DIRECTIONS FOR THIS TASK » From the listing below, give again exactly the lines from the line with "7月11日,台州港头门港区,来自印度尼西" to the line with "Тройник канализационный Ostendorf HT-Safe 125/125*45˚, Вид", ends included, without any pictures.

══ INFORMATION GIVEN ══

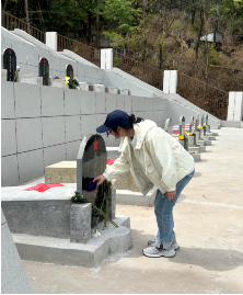 陵园深处,同学们自发带了水桶和抹布,俯身墓碑前,以清水涤去尘埃,以抹布拭去苔痕。因为,每一个名字都值得被温柔以待。
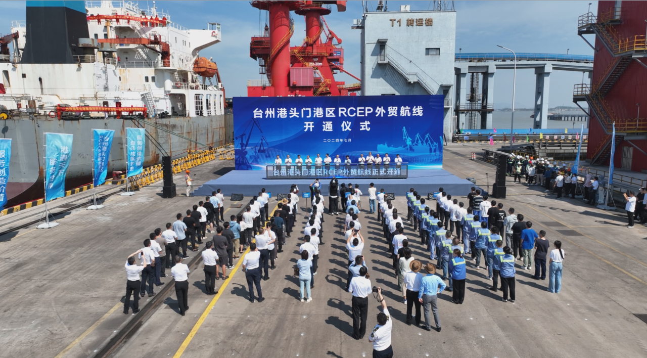 7月11日,台州港头门港区,来自印度尼西亚的“协海永欣”货轮完成作业后驶离三号泊位,标志着该港区RCEP外贸航线正式开通。
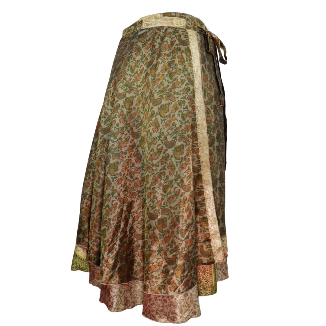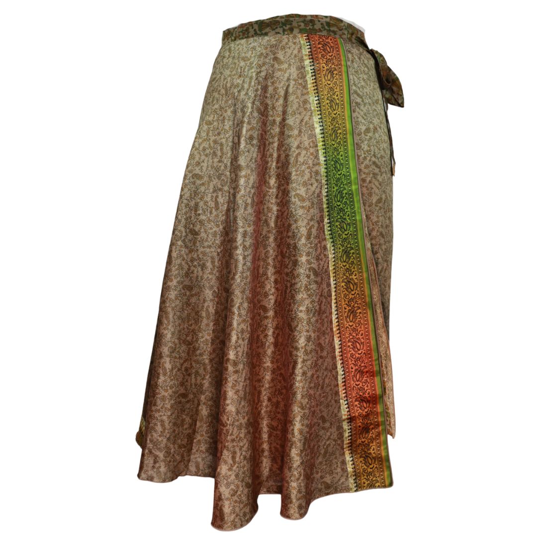 Traditionally Saris are often flamboyant and brightly coloured, frequently embroidered, and made from silk, cotton, or, in recent years, synthetic cloth such as viscose and polyester. We use retro Sari cloth in the majority of our garments so silk is a high component. It is not uncommon to find chiffon or georgette added into the mix which is why we refer to the skirts as a silk blend. We also use 'end of roll' sari fabrics.
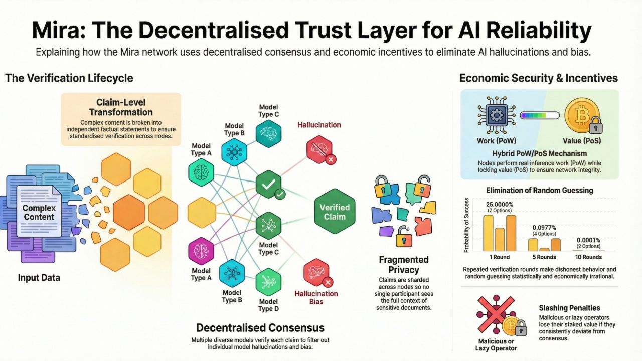 Согласно @Mira - Trust Layer of AI докладу, $MIRA преобразует выводы ИИ в более мелкие, независимые требования. Например, длинный абзац разбивается на четкие фактические утверждения. Каждое утверждение затем отправляется разным узлам-проверяющим. Эти узлы проводят свои собственные выводы и представляют суждение. Сеть агрегирует ответы и производит консенсусный результат.
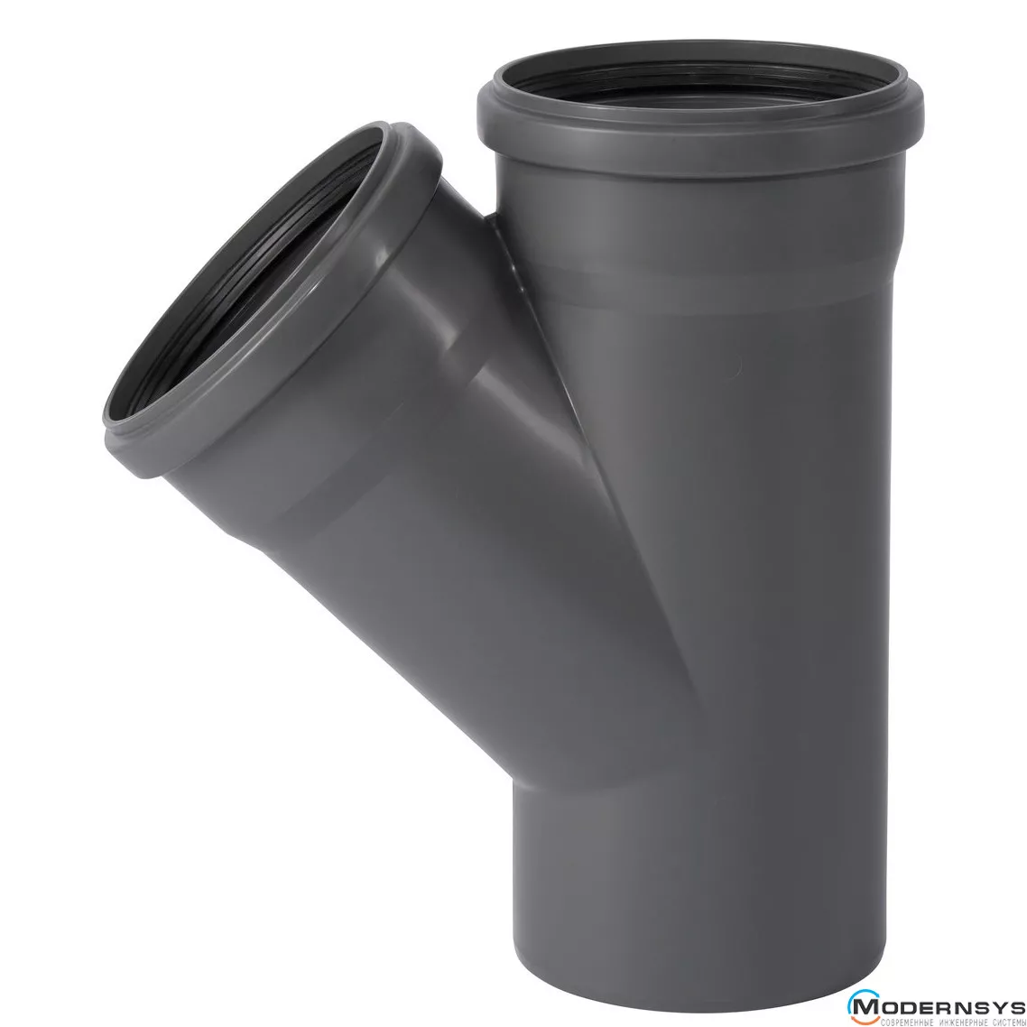 Тройник канализационный Ostendorf HT-Safe 125/125*45˚, Вид канализации: Внутренняя, Тип канализации: Простая, Градус (град.): 45, Модификация: 125/125х45, Цвет: Темно-серый, Диаметр (мм): 125, Материал: Полипропилен PPR, фото Тройник канализационный Ostendorf HT-Safe 125/125*45˚
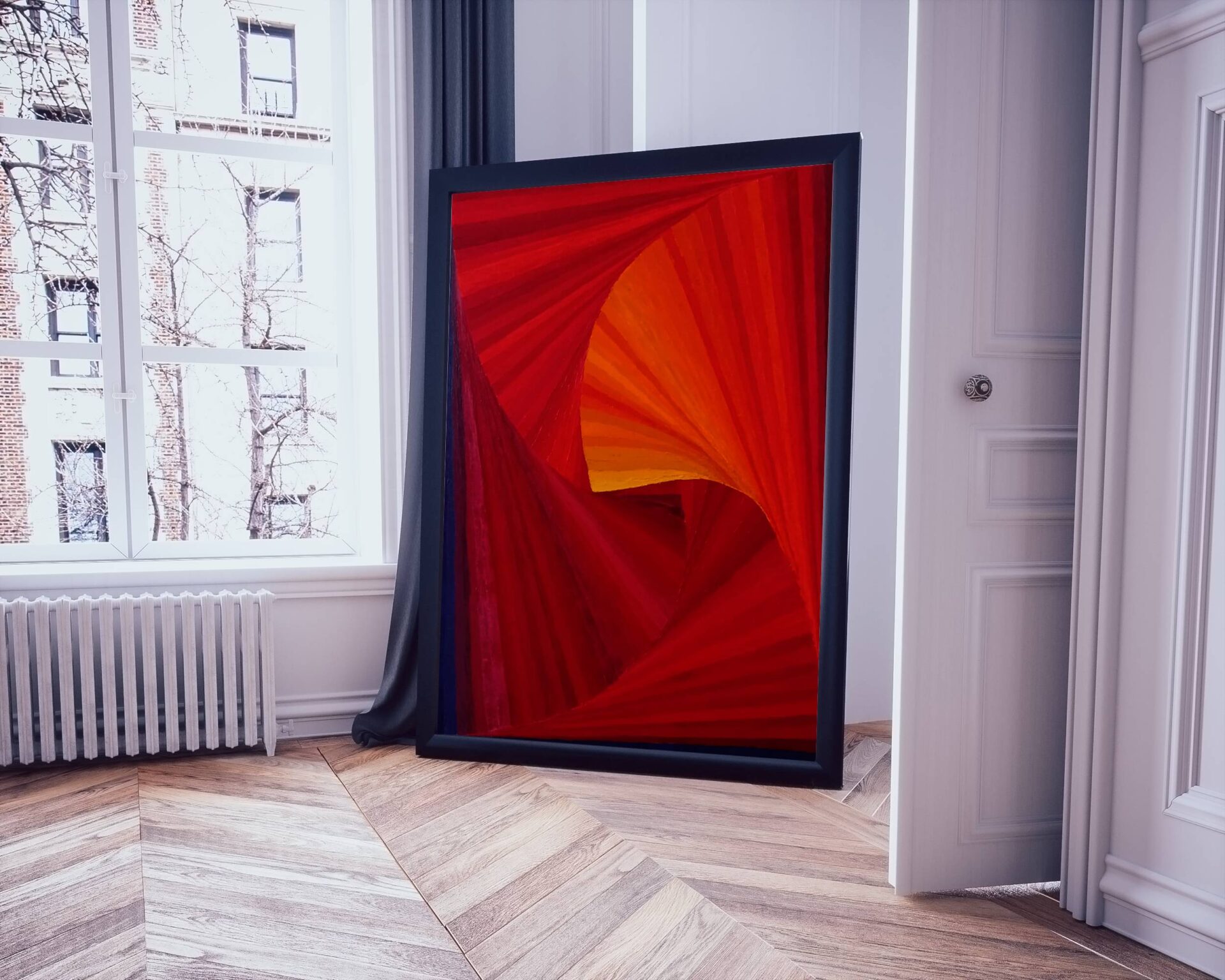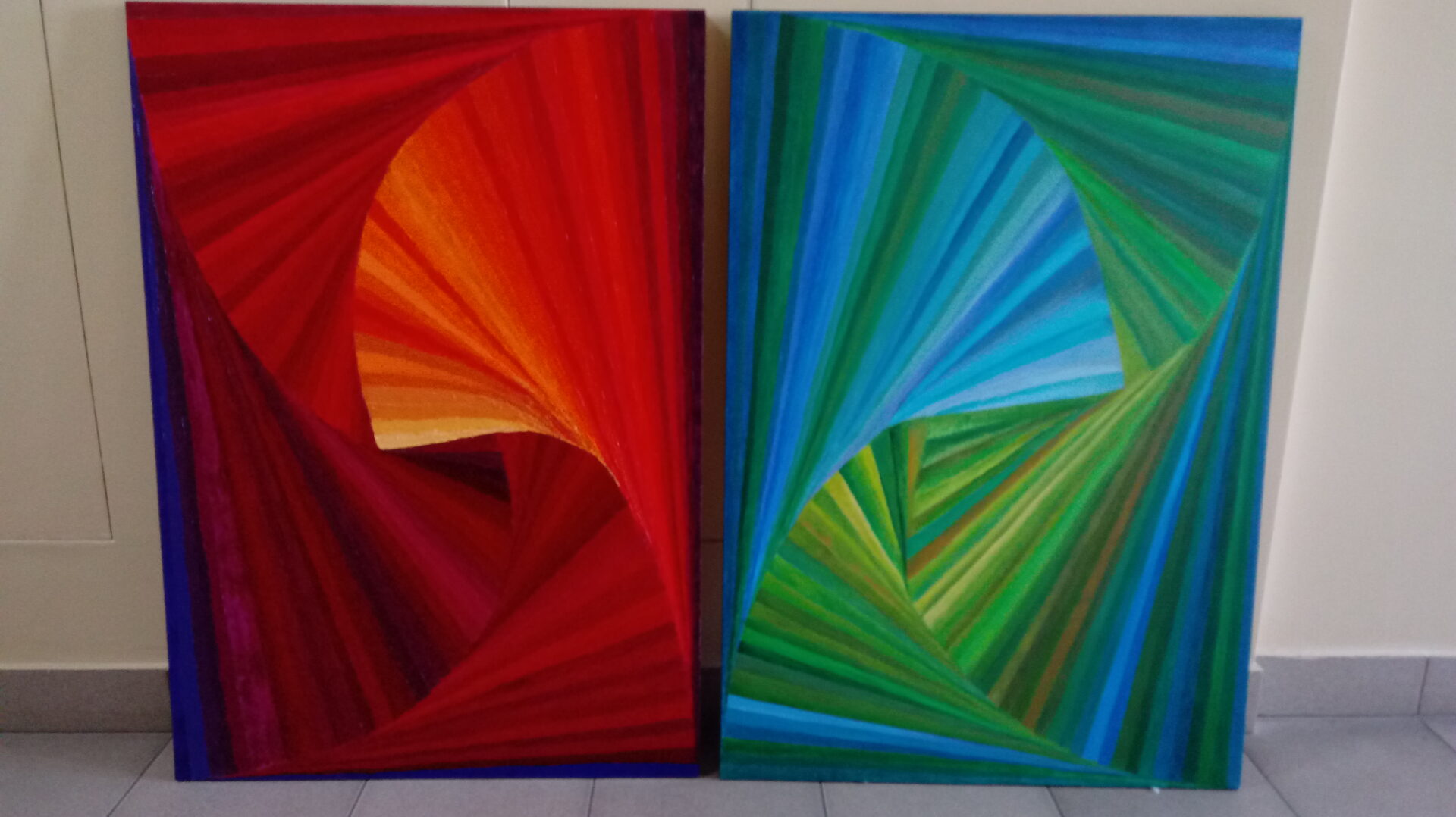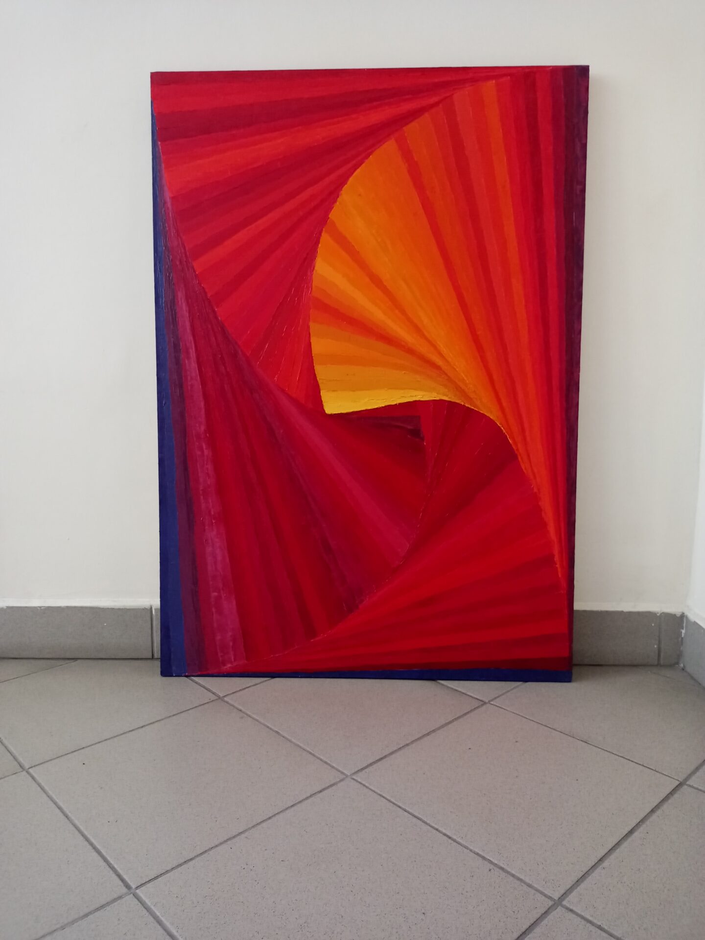 Rozmiar 70×100 cm. Obraz wykonany w techniką olejną na podobraziu bawełnianym. Zawerniksowany. Boki zamalowane na czarno. Sposób ekspozycji jest sugestią twórcy jednak kompozycja pozwala na ekspozycję zarówno horyzontalną jak i wertykalną. Abstrakcja w przewadze kolorów ciepłych, malowany techniką umożliwiającą tworzenie dodatkowej struktury. Rytm kompozycji jest wciągający i energetyczny. Obraz powstał w 2019 i stanowi część dyptyku. Samodzielnie prezentuje się równie atrakcyjnie, dlatego sprzedaję obrazy pojedynczo.

═══

SOLUTION TO THIS PROBLEM »
 7月11日,台州港头门港区,来自印度尼西亚的“协海永欣”货轮完成作业后驶离三号泊位,标志着该港区RCEP外贸航线正式开通。
 Traditionally Saris are often flamboyant and brightly coloured, frequently embroidered, and made from silk, cotton, or, in recent years, synthetic cloth such as viscose and polyester. We use retro Sari cloth in the majority of our garments so silk is a high component. It is not uncommon to find chiffon or georgette added into the mix which is why we refer to the skirts as a silk blend. We also use 'end of roll' sari fabrics.
 Согласно @Mira - Trust Layer of AI докладу, $MIRA преобразует выводы ИИ в более мелкие, независимые требования. Например, длинный абзац разбивается на четкие фактические утверждения. Каждое утверждение затем отправляется разным узлам-проверяющим. Эти узлы проводят свои собственные выводы и представляют суждение. Сеть агрегирует ответы и производит консенсусный результат.
 Тройник канализационный Ostendorf HT-Safe 125/125*45˚, Вид канализации: Внутренняя, Тип канализации: Простая, Градус (град.): 45, Модификация: 125/125х45, Цвет: Темно-серый, Диаметр (мм): 125, Материал: Полипропилен PPR, фото Тройник канализационный Ostendorf HT-Safe 125/125*45˚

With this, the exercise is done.